Selebrasi Gareth Bale Yang Memicu Beragam Komentar Dari Penggemar

Selebrasi-Gareth-Bale

Klub Real Madrid dipertemukan dengan klub Arsenal dan pertandingan berhasil imbang dengan Selebrasi Gareth Bale saat mencetak gol

Laga pramusim Internasional Champions Cup di FedEx Field, Landover, Amerika Serikat. Pertemuan dari Klub Real Madrid dan juga Arsenal dimana pertadingan tersebut berakhir dengan hasil skor seimbang.

Dalam pertadingan klub Arsenal sendiri sudah terlebih dahulu unggul dan berhasil dikejar klub. Arsenal sendiri telah berhasil mencetak 2 gol dan akhirnya bisa diimbangi oleh klub Real Madrid menjadi titik balik klub.

Pemain yang berhasil mencetak gol pada menit ke 56 sejak masuk kedalam lapangan 10 menit terakhir.

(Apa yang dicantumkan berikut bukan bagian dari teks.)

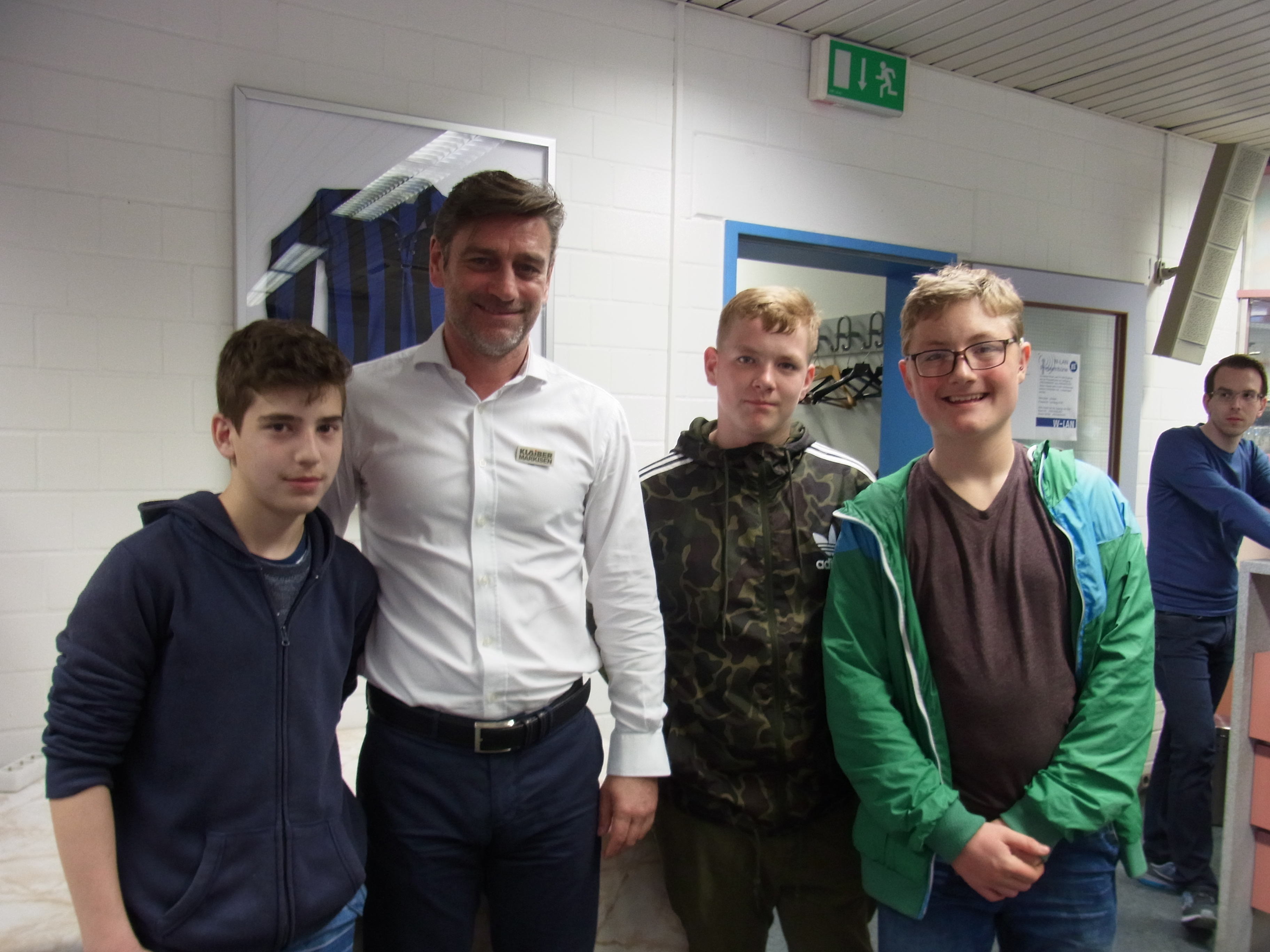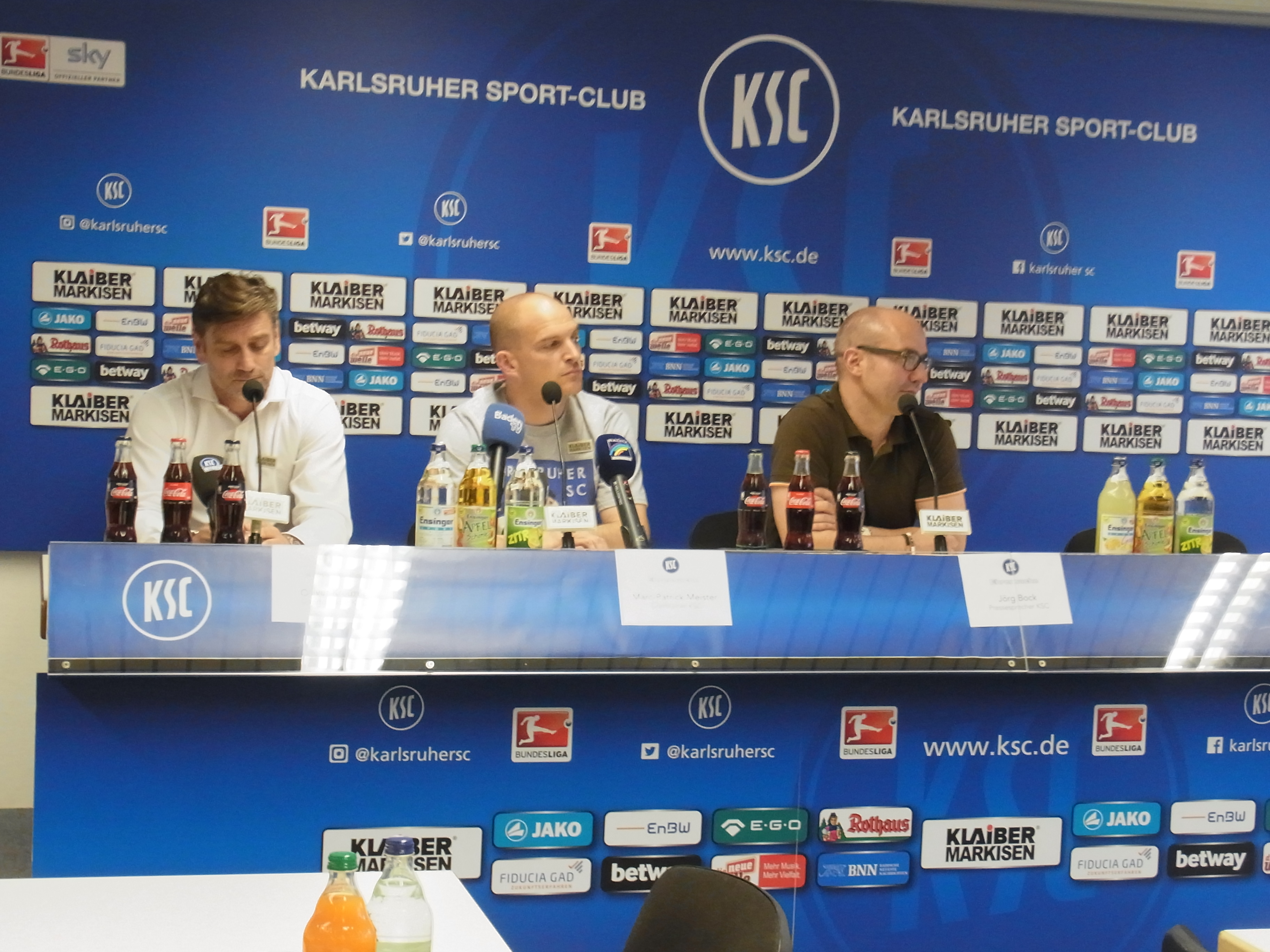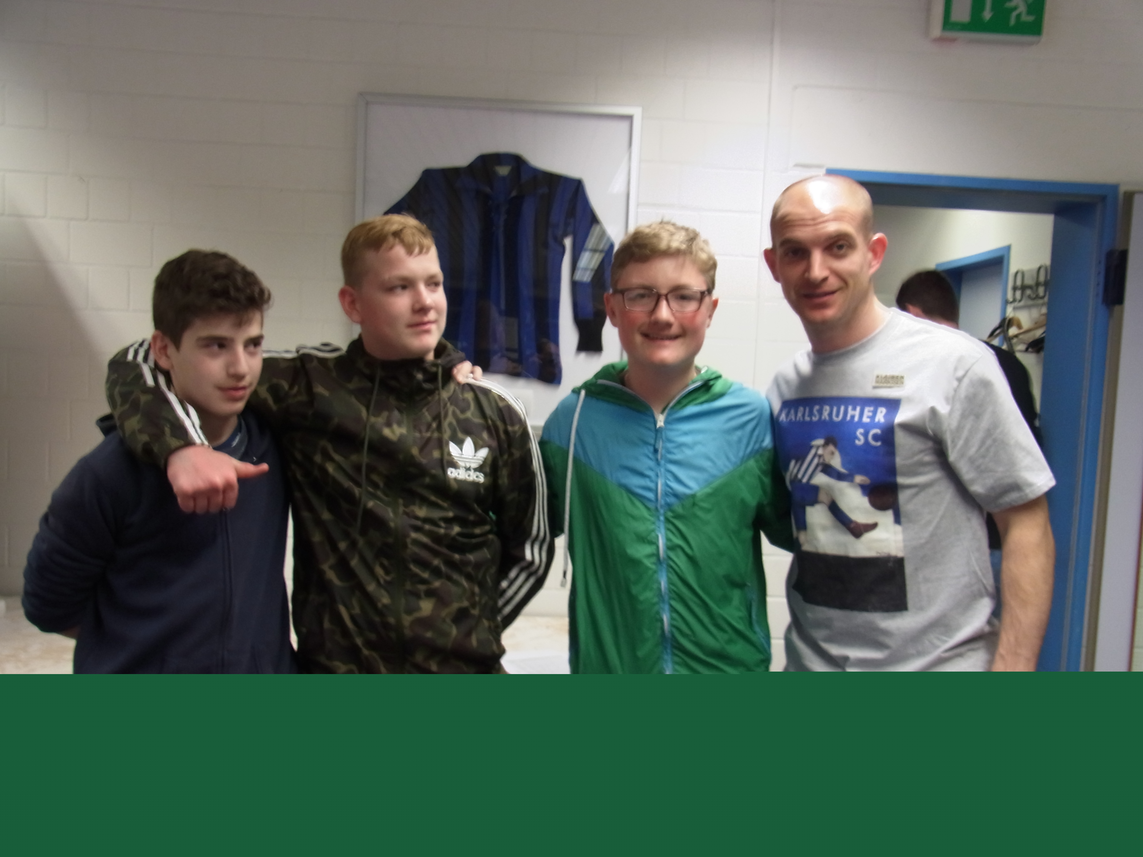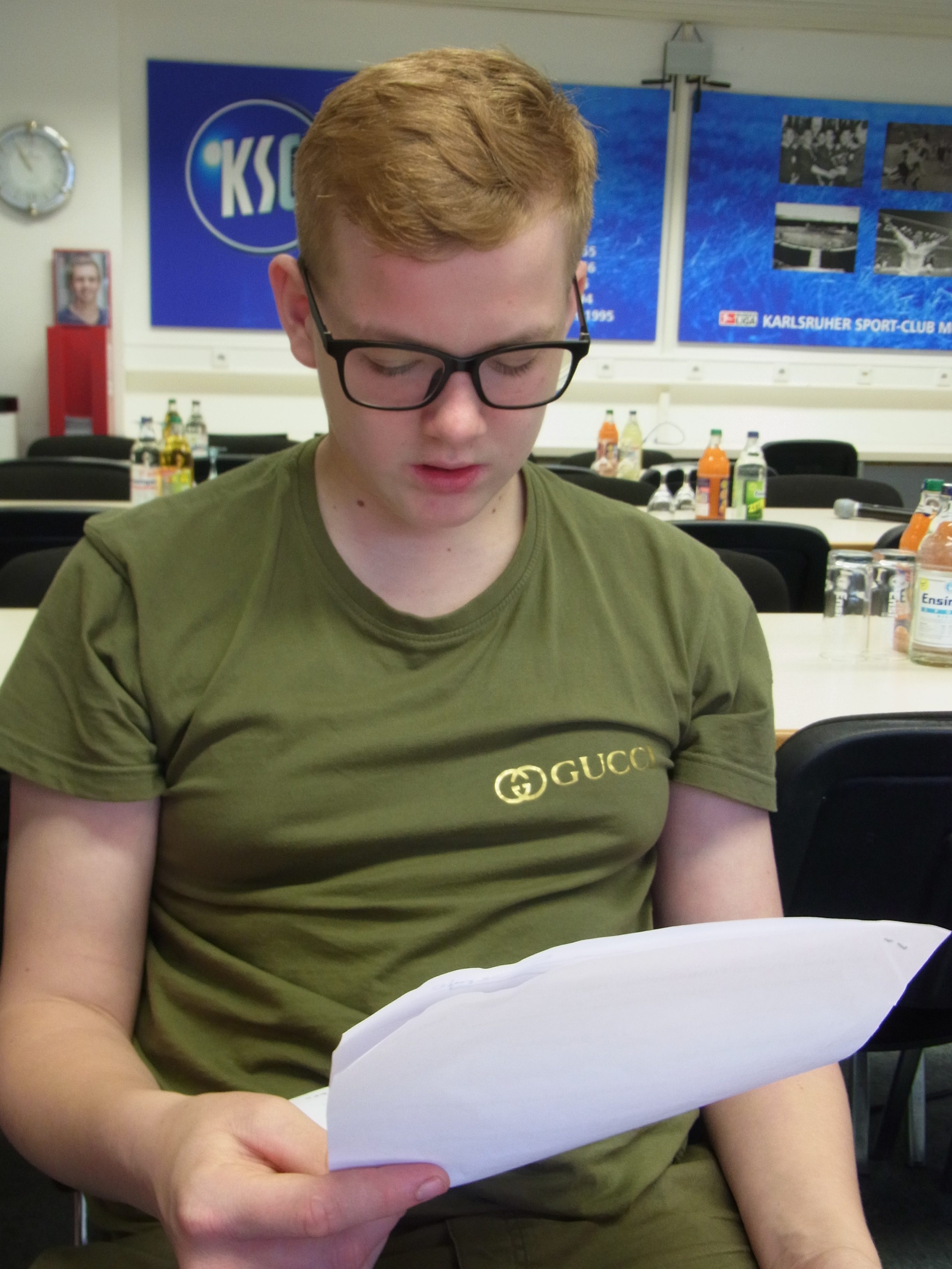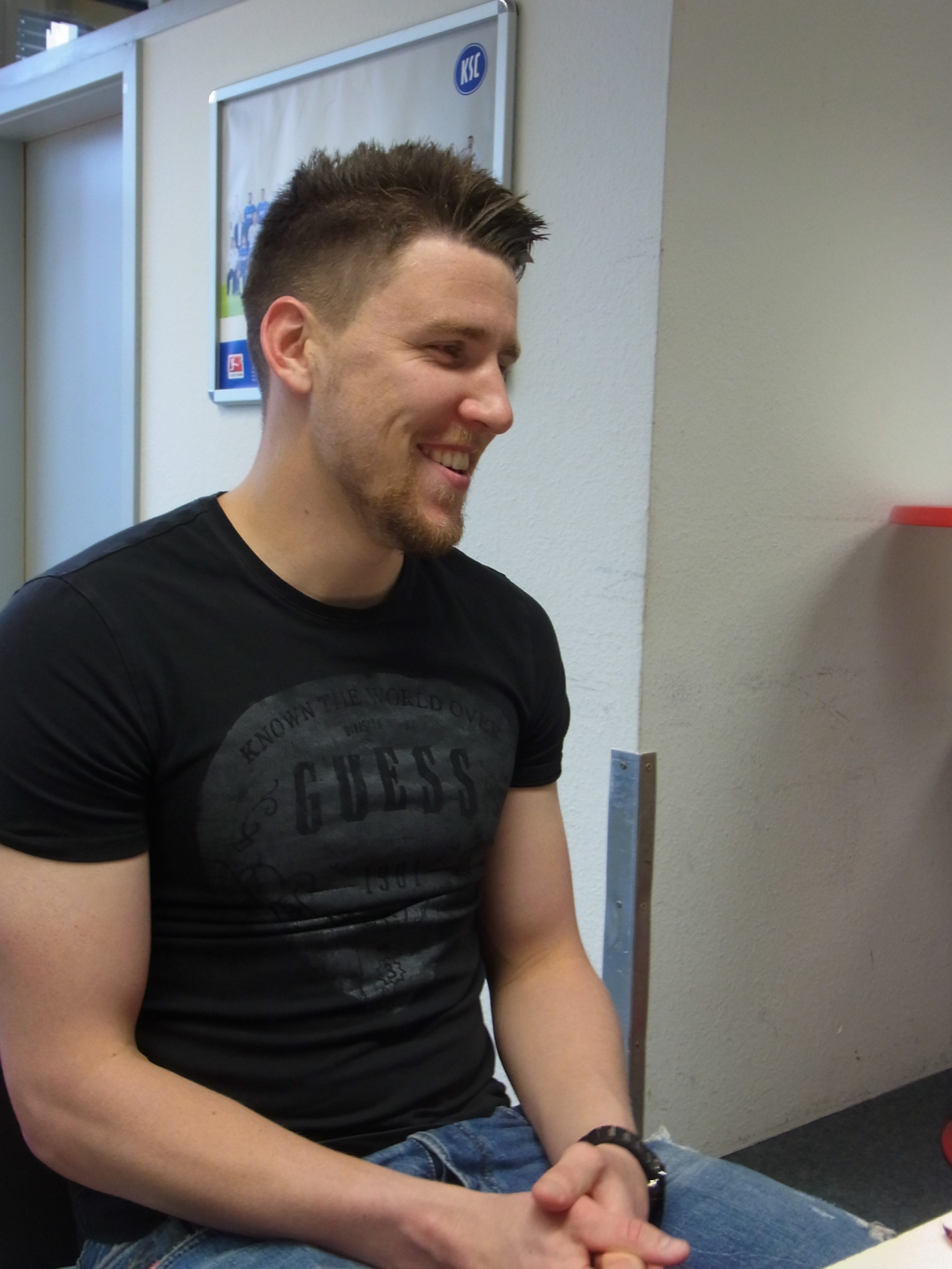 Eine besonders tolle Idee für ihren praktischen Teil hatten drei Schüler der Klassen 7a/b und 7c, deren Thema in ihrer Projektwoche „Fußball“ war. So organisierten Sergio, Emircan und Elias mithilfe des Pressesprechers des KSC, Herrn Bock (siehe Foto oben), ein Treffen mit dem Torwart des KSC, René Vollath, um mit ihm ein Interview zu führen.

Tendangan yang diberikan oleh pemain ini berhasil membalikan keadaan dimana klub Sudah tertinggal dari Arsenal.

Keadaan klub Arsenal yang lebih unggul dahulu dengan skor 0-2 dan berhasil dikejar dengan skor akhir 2-2. Pertandingan yang berhasil dikejar oleh dua pemain dari klub Real Madrid Gareth Bale dan Marco Asensio.

Uniknya lagi pada pertandingan ini terlihat salah satu pemain yang mencetak gol dari Real Madrid. Biasanya pemain yang berhasil mencetak gol biasanya akan melakukan selebrasi karena menunjukan senangnya.

Pemain dari Real Madrid ini terlihat tidak terlalu senang dan tidak ada melakukan selebrasi bermain. Gareth Bale akhirnya pun dikaitkan bahwa dirinya sedang ada keinginan untuk bisa berpisah dari klub musim ini.

Kemungkinan berpisah dengan klub Real Madrid terlihat bahwa pemain ini semakin dekat untuk berpisah. Berjalan digaris tengah setelah mencetak gol tidak ada senyum dan tidak merasa senang walaupun mencetak gol.

Selebrasi Gareth Bale Membuat Penggemar Keheranan

Tentu saja tingkah dari Gareth Bale ini membuat banyak penggemar yang mengaitkan pemain ini akan keluar. Apalagi pemain ini dipertahankan oleh pelatih klub Zinedine Zidane untuk tetap bertahan bersama Klub.

Walaupun keinginan untuk pelatih masih mempertahankannya namun pelatih juga tidak menyukainnya. Dikarenakan pemain ini dirasa tidak cocok dengan taktik bermain dengan taktik yang dibuat oleh pelatih.

Sehingga ada tanggapan bahwa pemain ini kemungkinan untuk tidak dibuthkan oleh klub. Pemain ini saja juga mendapatkan tawaran dari klub Liga Super China, Beijing Guoan yang menawarkan gaji 17 M per pekan.